Dies ist die Geschichte von Carlos Paskvan, einem 31-jährigen Peruaner, der alles daran gesetzt hat, zur WM in Russland zu gelangen. Seit 36 Jahren hat sich sein Land für keine Weltmeisterschaft mehr qualifiziert. Zuletzt spielte Peru 1982 in Spanien bei der WM mit und schied in der ersten Runde aus. Nun, 2018, ist Peru wieder dabei - und das ganze Land rastet aus!
Es ist ein Moment, auf den ganze Generationen hingefiebert haben. Als das erste Tor für Peru im Entscheidungsspiel gegen Neuseeland fiel, lösten die Stadionbesucher in Lima eine Erdbebenwarnung mit ihrem Jubel aus. Nach dem Spiel (Endstand 2:0) stand fest: Peru ist in Russland dabei!
Nun vergeben Banken spezielle Kredite für Peruaner, die zur WM reisen wollen. Auf den Straßen sieht man Pappkartons hinter Autoscheiben "Zu verkaufen - ich will nach Russland", aus allen Fenstern hängen rot-weiße Flaggen. Carlos Paskvan hat es geschafft. Seit Donnerstag, dem 14.Juni, ist er in Russland. Morgen wird er im Stadion die Blanquirroja, die Weißrote, wie die Seleccion peruana auch genannt wird, anfeuern. Ich habe Carlos auf seiner verrückten Reise getroffen und ein paar Stunden mit ihm in Berlin verbracht.
In welchem Alter hast du dich zu einem so großen Fußballfan der Nationalmannschaft entwickelt?

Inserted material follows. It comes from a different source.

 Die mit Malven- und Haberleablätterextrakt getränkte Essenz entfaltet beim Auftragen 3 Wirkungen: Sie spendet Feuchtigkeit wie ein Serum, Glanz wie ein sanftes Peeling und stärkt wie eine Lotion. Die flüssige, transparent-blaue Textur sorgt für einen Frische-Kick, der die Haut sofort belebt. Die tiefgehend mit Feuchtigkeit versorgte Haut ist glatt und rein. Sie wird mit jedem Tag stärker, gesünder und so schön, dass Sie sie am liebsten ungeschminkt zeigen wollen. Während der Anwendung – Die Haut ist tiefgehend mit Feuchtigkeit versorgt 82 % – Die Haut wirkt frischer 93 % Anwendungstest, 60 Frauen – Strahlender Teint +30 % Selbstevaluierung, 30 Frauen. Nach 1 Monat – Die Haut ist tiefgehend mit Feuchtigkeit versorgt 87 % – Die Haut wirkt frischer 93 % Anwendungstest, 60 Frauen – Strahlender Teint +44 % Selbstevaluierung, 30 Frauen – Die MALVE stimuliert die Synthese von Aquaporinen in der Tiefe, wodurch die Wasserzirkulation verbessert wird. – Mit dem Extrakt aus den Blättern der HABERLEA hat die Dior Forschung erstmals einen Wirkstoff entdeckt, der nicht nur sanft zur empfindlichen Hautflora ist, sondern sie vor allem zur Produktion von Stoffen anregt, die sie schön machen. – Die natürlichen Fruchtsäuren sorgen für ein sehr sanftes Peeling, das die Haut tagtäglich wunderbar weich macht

Carlos: Früher habe ich selbst oft Fußball gespielt, in der Schule und später in der Unimannschaft, nun spiele ich noch gelegentlich mit Freunden. Richtiger Fan wurde ich schon im Jahr 1997, da war ich gerade 11 Jahre alt. Peru war so nah dran, sich für die WM 1998 in Frankreich zu qualifizieren, und verlor dann im Entscheidungsspiel gegen Chile. Ich konnte gar nicht mehr aufhören zu weinen. Zum ersten Mal im Leben hat mich Fußball wirklich berührt.

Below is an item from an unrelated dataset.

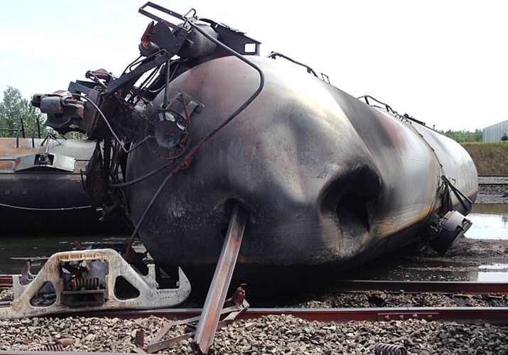 Photo 1. Le site du déraillement à Lac-Mégantic après l'accident

Dann freust du dich also umso mehr, dass Chile dieses Jahr nicht bei der WM in Russland dabei ist!
Carlos: Aber Hallo! Chile und Peru sind Erzfeinde im Fußball. Selbst als noch nicht klar war, dass Peru an der WM teilnehmen kann, weil das Spiel gegen Neuseeland noch ausstand, war die Stimmung aus reiner Schadenfreude gegen Chile schon ganz gut. Damit, das Peru teilnimmt, Chile aber nicht, hatte niemand gerechnet.
Peru ist ein wahnsinniger Sympathieträger, auch die anderen Teilnehmer aus Südamerika haben sich für Peru gefreut.
Carlos: Klar, wir freuen uns ja umgekehrt auch für sie, zumindest, wenn sie gegen Chile spielen (lacht).
Zwei Argentinier laufen an uns vorbei, sehen die peruanischen Trainingsjacken und Trikots von Carlos und seinem Freund Juan und strecken uns ihr Bier entgegen "Wir sehen uns in Russland!". Ein Paar läuft hinter ihnen, bemerkt die rot-weiße Aufmachung und bekommt sich gar nicht mehr ein vor Freude. Wie sich herausstellt, sind sie ausgewanderte Peruaner, die nun den Augenblick nutzen und Bilder mit Juan, Carlos und deren Flaggen vor dem Brandenburger Tor knipsen, ein weiterer Fan gesellt sich kurz dazu.
"Den haben wir schon im Flugzeug getroffen", verrät Carlos. "Er hat dieselbe verrückte Strecke wie wir!"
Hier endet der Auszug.